(PROVIDED DATA begins)

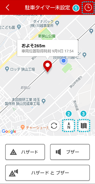 車両の現在位置を地図上で確認し、ハザードの点滅やブザーを鳴らすことで、
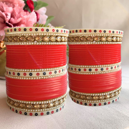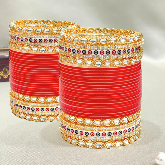 Pure Pearl Classic Kundan Diamond Red Chooda Set of 21
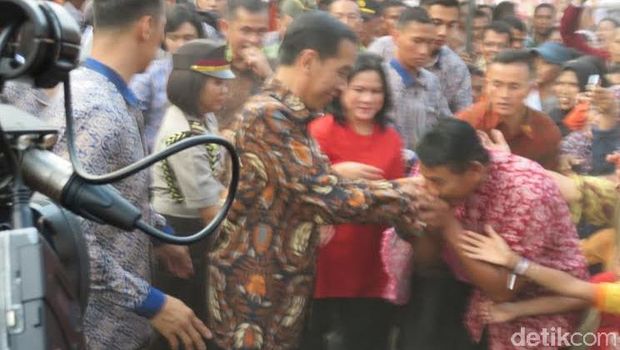 Jokowi memakai batik cokelat dan Iriana berbaju merah bergandengan saat melintasi jalan masuk yang sempit. Lokasi pembagian terletak di sebuah tanah kosong, tetapi sebelumnya harus melewati sisi selokan dengan lebar jalan kurang dari 1 meter yang kemudian melebar.
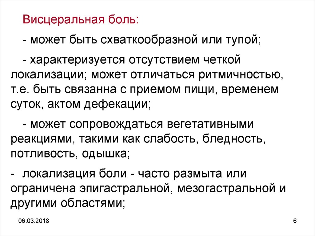 Висцеральная боль:- может быть схваткообразной или тупой;
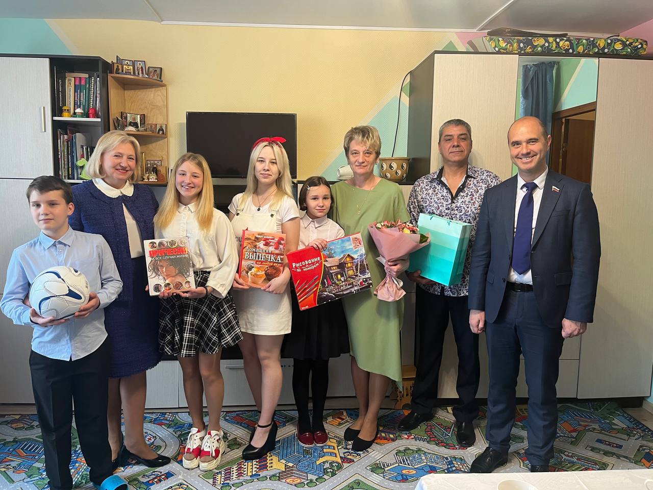 Маме Анастасии партийцы со словами благодарности и поздравлений вручили цветы. Детям – подарки по интересам: обучающие книги, спортивный инвентарь, игрушки.
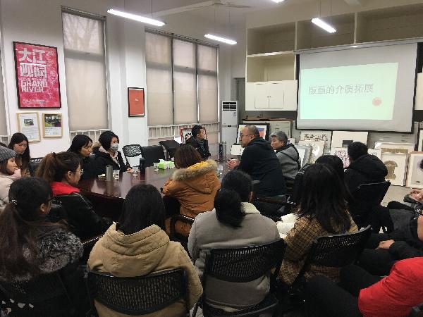 (摄影/通讯:王雨薇)版画介质主题讲座于12月15日下午2点在A4 204教室举行,受邀参加的吴竑老师用自己多年的经验为我们讲解了版画的介质拓展和对艺术的理解。分别围绕着研究介质的必要性、岩彩介质、材质与媒介的作用这几个方面进行了详细的分析,向同学们展示了版画介质的多样性、可能性、丰富性,拓宽了同学的眼界,为创作思路带来全新的发展。
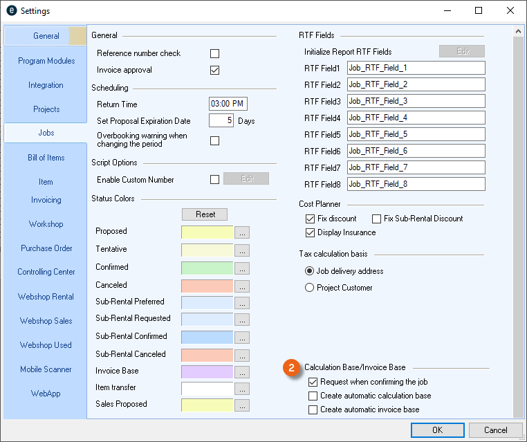 1. easyjob Menu Tools Settings
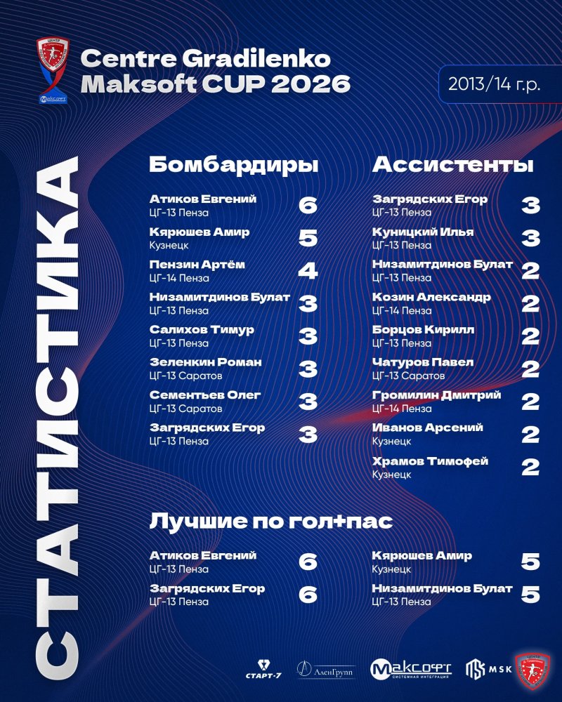 ЦИФРЫ CENTRE GRADILENKO-MAKSOFT CUP 2026 СРЕДИ КОМАНД 2013/14 Г.Р. ЦИФРЫ CENTRE GRADILENKO-MAKSOFT CUP 2026 СРЕДИ КОМАНД 2013/14 Г.Р.
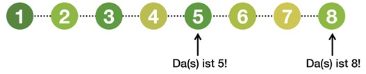 Mit der Idee des "immer eins weiter" repräsentiert der Zahlenstrahl die Unendlichkeit der natürlichen Zahlen (vgl. Klewitz et. al 2008, S. 24). Nachbarschaftsbeziehungen, insbesondere die Nachfolger- und Vorgängerrelation, werden besonders gut deutlich.
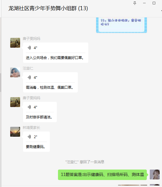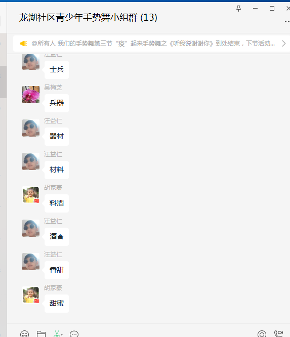 活动结束后,社工鼓励组员继续在群里相互交流和分享流行的手势舞,也可以邀请身边对手势舞感兴趣的朋友进群一起交流、分享和相互学习。有成员表示,此次手势舞学习给疫情在家学习的学生们带来了生活乐趣,也提高了居家防护的有效意识。疫情无情,人间有情,通过此种方式的学习鼓励,我们坚定阳光总在风雨后!
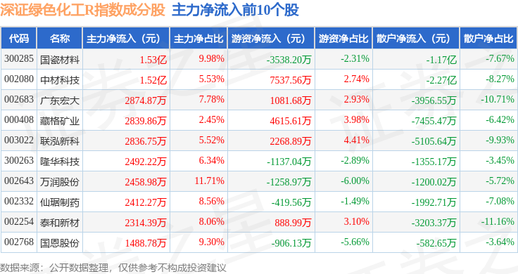 资金流向方面,深证绿色化工R(470076)指数成份股当日主力资金净流出合计35.36亿元,游资资金净流入合计22.99亿元,散户资金净流入合计12.37亿元。成份股资金流向详情见下表:
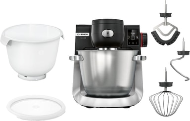 Bosch Series 6 köksmaskin levereras med ett patisserieset, inklusive en rostfri visp, knådkrok och silikonkantad omrörare för exakt blandning, knådning och vispning. Den inkluderar också en BPA-fri Flex-skål, perfekt för stora satser och lätt att rengöra.
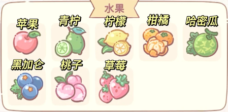 苹果、青柠、柠檬、柑橘、哈密瓜、黑加仑、桃子、草莓

(PROVIDED DATA ends)

Each entry above should be copied exactly. The pictures should not.

 車両の現在位置を地図上で確認し、ハザードの点滅やブザーを鳴らすことで、
 Pure Pearl Classic Kundan Diamond Red Chooda Set of 21
 Jokowi memakai batik cokelat dan Iriana berbaju merah bergandengan saat melintasi jalan masuk yang sempit. Lokasi pembagian terletak di sebuah tanah kosong, tetapi sebelumnya harus melewati sisi selokan dengan lebar jalan kurang dari 1 meter yang kemudian melebar.
 Висцеральная боль:- может быть схваткообразной или тупой;
 Маме Анастасии партийцы со словами благодарности и поздравлений вручили цветы. Детям – подарки по интересам: обучающие книги, спортивный инвентарь, игрушки.
 (摄影/通讯:王雨薇)版画介质主题讲座于12月15日下午2点在A4 204教室举行,受邀参加的吴竑老师用自己多年的经验为我们讲解了版画的介质拓展和对艺术的理解。分别围绕着研究介质的必要性、岩彩介质、材质与媒介的作用这几个方面进行了详细的分析,向同学们展示了版画介质的多样性、可能性、丰富性,拓宽了同学的眼界,为创作思路带来全新的发展。
 1. easyjob Menu Tools Settings
 ЦИФРЫ CENTRE GRADILENKO-MAKSOFT CUP 2026 СРЕДИ КОМАНД 2013/14 Г.Р. ЦИФРЫ CENTRE GRADILENKO-MAKSOFT CUP 2026 СРЕДИ КОМАНД 2013/14 Г.Р.
 Mit der Idee des "immer eins weiter" repräsentiert der Zahlenstrahl die Unendlichkeit der natürlichen Zahlen (vgl. Klewitz et. al 2008, S. 24). Nachbarschaftsbeziehungen, insbesondere die Nachfolger- und Vorgängerrelation, werden besonders gut deutlich.
 活动结束后,社工鼓励组员继续在群里相互交流和分享流行的手势舞,也可以邀请身边对手势舞感兴趣的朋友进群一起交流、分享和相互学习。有成员表示,此次手势舞学习给疫情在家学习的学生们带来了生活乐趣,也提高了居家防护的有效意识。疫情无情,人间有情,通过此种方式的学习鼓励,我们坚定阳光总在风雨后!
 资金流向方面,深证绿色化工R(470076)指数成份股当日主力资金净流出合计35.36亿元,游资资金净流入合计22.99亿元,散户资金净流入合计12.37亿元。成份股资金流向详情见下表:
 Bosch Series 6 köksmaskin levereras med ett patisserieset, inklusive en rostfri visp, knådkrok och silikonkantad omrörare för exakt blandning, knådning och vispning. Den inkluderar också en BPA-fri Flex-skål, perfekt för stora satser och lätt att rengöra.
 苹果、青柠、柠檬、柑橘、哈密瓜、黑加仑、桃子、草莓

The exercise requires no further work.